- _TASK DESCRIPTION_: Repeat exactly the lines of the listing below, please, starting with the first and ending with the line containing "商品名称:Fire elephants/火象1.8升养生壶HX-YSH030"; leave out the rest.

==== THE DATA

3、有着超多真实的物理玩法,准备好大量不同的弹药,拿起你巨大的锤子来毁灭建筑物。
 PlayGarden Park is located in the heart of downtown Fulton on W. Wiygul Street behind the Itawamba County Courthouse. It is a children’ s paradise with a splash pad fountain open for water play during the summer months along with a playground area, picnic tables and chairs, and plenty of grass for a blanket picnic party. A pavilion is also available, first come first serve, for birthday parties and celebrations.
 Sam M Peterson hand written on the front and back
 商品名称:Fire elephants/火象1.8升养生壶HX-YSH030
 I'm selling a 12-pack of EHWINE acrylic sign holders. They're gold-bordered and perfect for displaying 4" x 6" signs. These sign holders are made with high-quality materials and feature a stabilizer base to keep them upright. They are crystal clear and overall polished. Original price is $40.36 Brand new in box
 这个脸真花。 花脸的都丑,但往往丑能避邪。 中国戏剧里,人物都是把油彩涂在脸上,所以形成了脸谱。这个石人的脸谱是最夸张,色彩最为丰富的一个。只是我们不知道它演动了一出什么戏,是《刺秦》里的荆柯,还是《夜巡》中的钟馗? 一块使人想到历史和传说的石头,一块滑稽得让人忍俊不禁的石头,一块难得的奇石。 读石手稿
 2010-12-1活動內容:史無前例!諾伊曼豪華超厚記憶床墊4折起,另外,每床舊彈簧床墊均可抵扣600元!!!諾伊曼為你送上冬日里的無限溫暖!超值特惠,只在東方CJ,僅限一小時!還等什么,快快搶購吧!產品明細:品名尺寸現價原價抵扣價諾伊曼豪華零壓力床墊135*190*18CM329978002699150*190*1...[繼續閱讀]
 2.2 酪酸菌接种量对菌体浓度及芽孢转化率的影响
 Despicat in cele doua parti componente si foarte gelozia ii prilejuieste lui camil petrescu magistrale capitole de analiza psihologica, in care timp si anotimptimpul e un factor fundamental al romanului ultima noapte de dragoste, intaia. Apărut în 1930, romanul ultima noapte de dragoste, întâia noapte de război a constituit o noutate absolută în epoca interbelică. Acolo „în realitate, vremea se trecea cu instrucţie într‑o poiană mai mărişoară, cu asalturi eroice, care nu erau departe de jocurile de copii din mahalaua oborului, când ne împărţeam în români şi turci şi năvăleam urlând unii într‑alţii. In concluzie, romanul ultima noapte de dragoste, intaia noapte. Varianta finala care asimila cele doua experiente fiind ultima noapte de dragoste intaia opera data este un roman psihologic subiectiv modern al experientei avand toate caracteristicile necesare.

========

- _TASK ANSWER_:
3、有着超多真实的物理玩法,准备好大量不同的弹药,拿起你巨大的锤子来毁灭建筑物。
 PlayGarden Park is located in the heart of downtown Fulton on W. Wiygul Street behind the Itawamba County Courthouse. It is a children’ s paradise with a splash pad fountain open for water play during the summer months along with a playground area, picnic tables and chairs, and plenty of grass for a blanket picnic party. A pavilion is also available, first come first serve, for birthday parties and celebrations.
 Sam M Peterson hand written on the front and back
 商品名称:Fire elephants/火象1.8升养生壶HX-YSH030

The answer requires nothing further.